= Nora Schimming-Chase =

Namibian politician

Nora Schimming-Chase (1 December 1940 – 13 March 2018) was a Namibian politician and Namibia's first ambassador to Germany from 1992 to 1996. After changing her party membership from South West Africa National Union (SWANU) to Congress of Democrats (CoD), Schimming-Chase became a member of the National Assembly of Namibia from 2000 to 2010.

==Early life and education==
Nora Schimming was born in Windhoek's Old Location on 1 December 1940. She was the daughter of Charlotte Schimming, née Freiser, and Otto Schimming, the first Black teacher in Namibia and an early independence activist. Because both her parents had a German father and were thus mixed-race, she was classified as "Coloured" by the authorities, and could not attend high school in South West Africa. She was sent to Cape Town instead and attended Trafalgar School. Schimming then attended University of Cape Town and graduated with a teacher diploma in 1961. The educator, activist, and politician Ottilie Abrahams was her prior sister.

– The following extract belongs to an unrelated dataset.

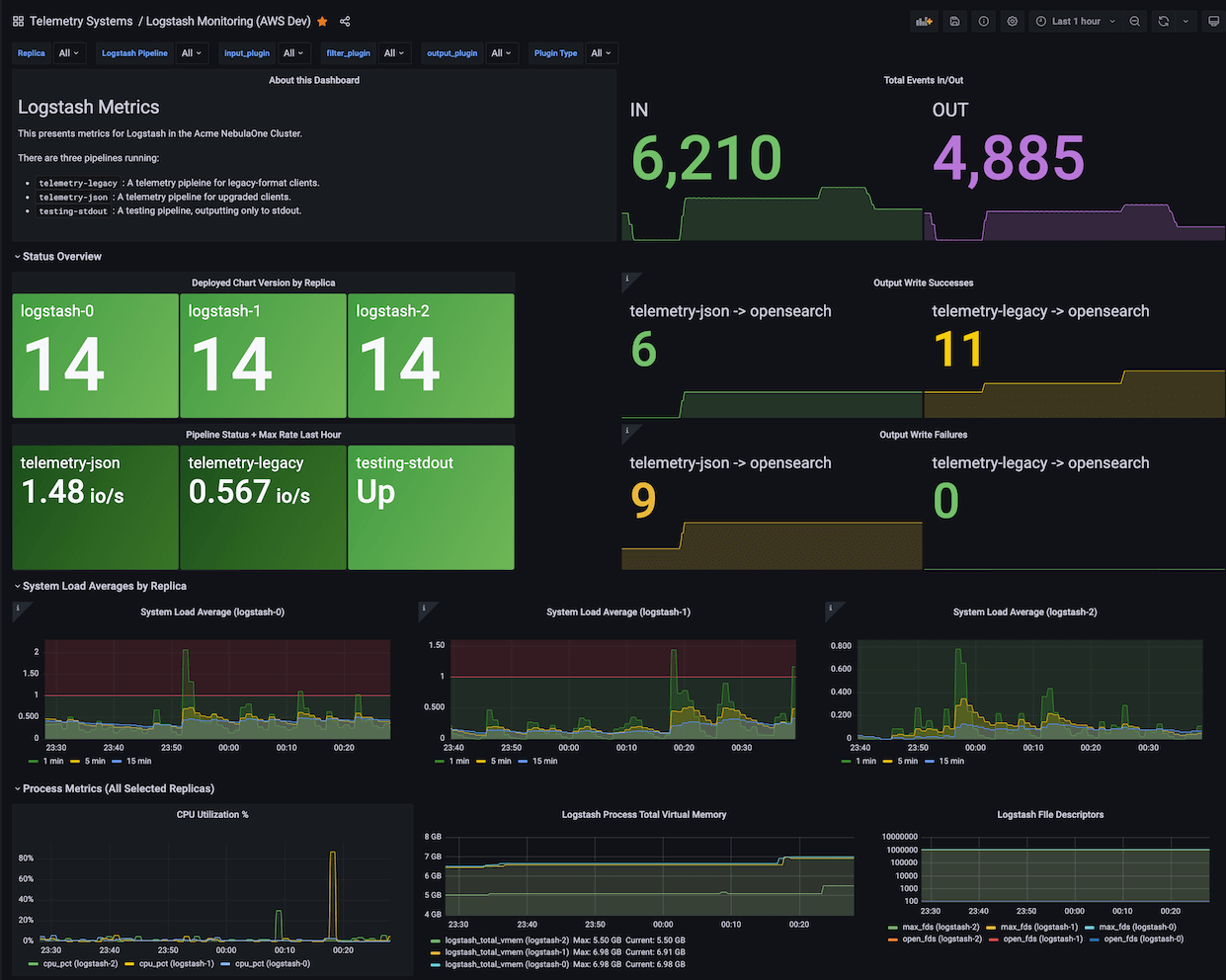 Logstash Health Monitoring: System, JVM, Pipeline and individual plugin stats for Logstash replicas running on Kubernetes.

Schimming went into exile in Tanzania in 1962 and worked at the SWAPO office in Dar es Salaam for a few months. She then moved to Germany, having been awarded a bursary to study at the Free University of Berlin. She graduated in 1966 with a B.A. in political science, English linguistics and African literature, and in 1968 with a Magister degree in politics and African studies. She also started with a PhD but never finished it. In 1974 she returned to Tanzania and headed the office of the South West Africa National Union (SWANU). At that time she worked as a teacher at the International School of Tanganyika in Dar-es-Salaam. In 1978 she returned to Namibia.

==Career==
Schimming-Chase was elected deputy secretary-general of SWANU upon her return to Namibia in 1978. In 1982 she was elected vice-president. At that time she worked as director of education at the Council of Churches in Namibia (CCN). Prior to Namibian independence Schimming-Chase worked as deputy director of inter-church aid, refugees and world service at the World Council of Churches in Geneva. Upon independence she again returned to Namibia and worked first for the Namibia National Front, and then at the Ministry of Foreign Affairs.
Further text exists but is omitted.